Task
Reproduce the material below only from the line with "[위키트리 광주전남취재본부 노해섭" to the line with "6mm Zirconium ring", both included, keeping each line exact and dropping the pictures.

Provided data
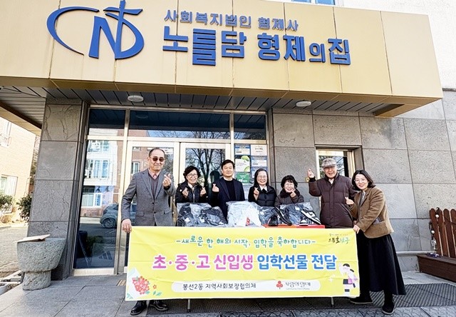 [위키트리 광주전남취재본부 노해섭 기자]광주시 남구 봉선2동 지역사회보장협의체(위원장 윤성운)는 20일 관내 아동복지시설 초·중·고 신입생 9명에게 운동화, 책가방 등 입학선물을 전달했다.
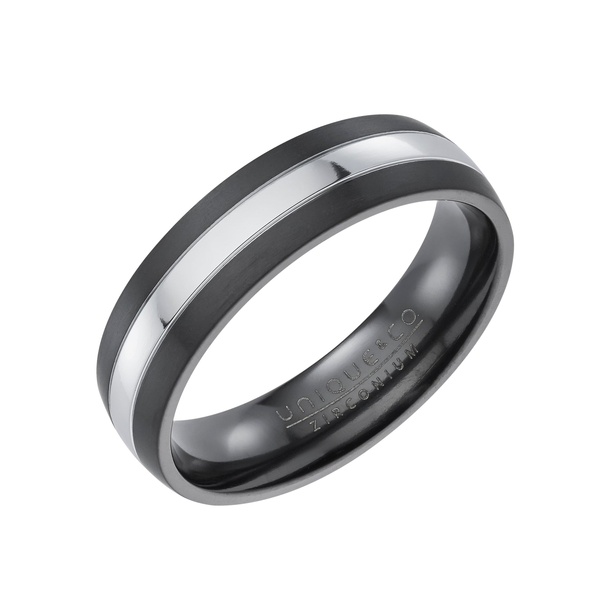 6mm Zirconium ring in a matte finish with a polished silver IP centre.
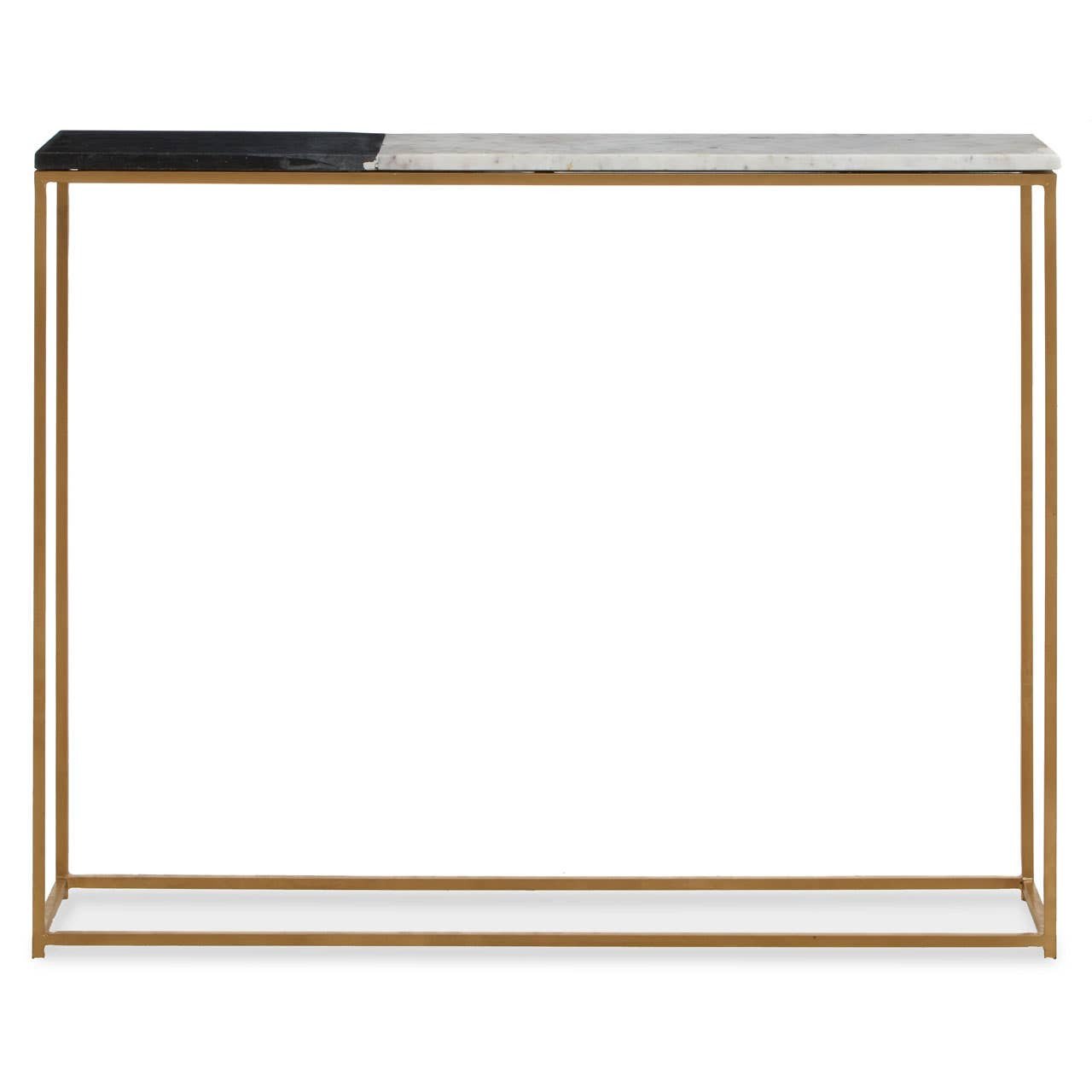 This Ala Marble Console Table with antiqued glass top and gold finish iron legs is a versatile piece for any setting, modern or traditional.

==

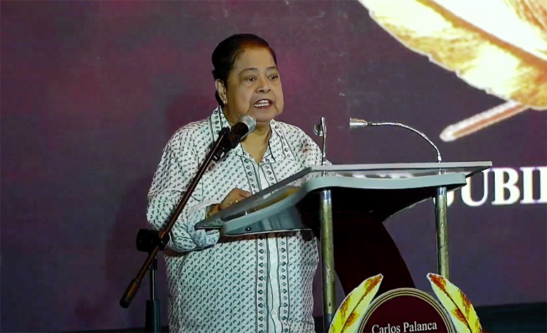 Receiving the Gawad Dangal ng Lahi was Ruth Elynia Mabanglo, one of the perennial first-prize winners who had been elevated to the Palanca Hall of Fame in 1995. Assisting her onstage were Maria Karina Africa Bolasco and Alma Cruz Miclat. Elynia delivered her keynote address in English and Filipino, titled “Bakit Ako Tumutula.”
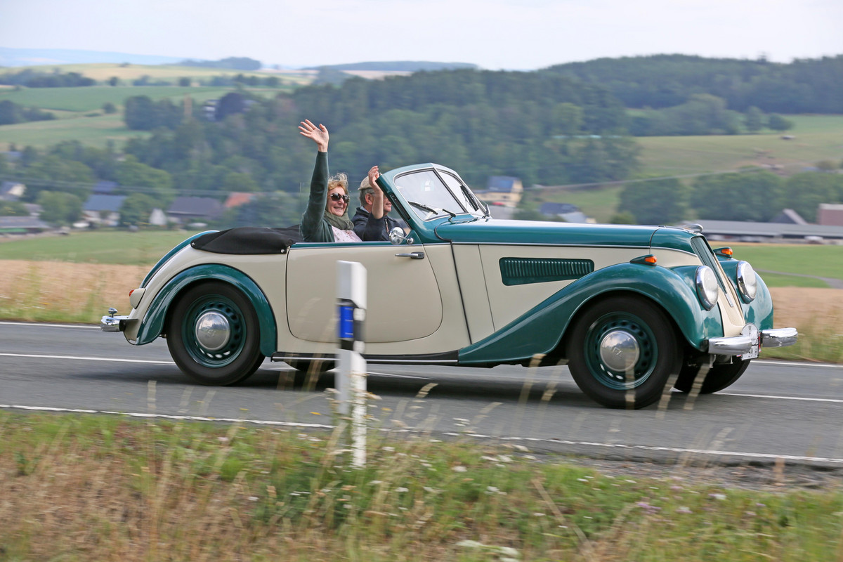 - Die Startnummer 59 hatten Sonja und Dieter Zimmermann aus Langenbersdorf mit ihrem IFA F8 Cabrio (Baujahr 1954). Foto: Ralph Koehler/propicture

Response box
 [위키트리 광주전남취재본부 노해섭 기자]광주시 남구 봉선2동 지역사회보장협의체(위원장 윤성운)는 20일 관내 아동복지시설 초·중·고 신입생 9명에게 운동화, 책가방 등 입학선물을 전달했다.
 6mm Zirconium ring in a matte finish with a polished silver IP centre.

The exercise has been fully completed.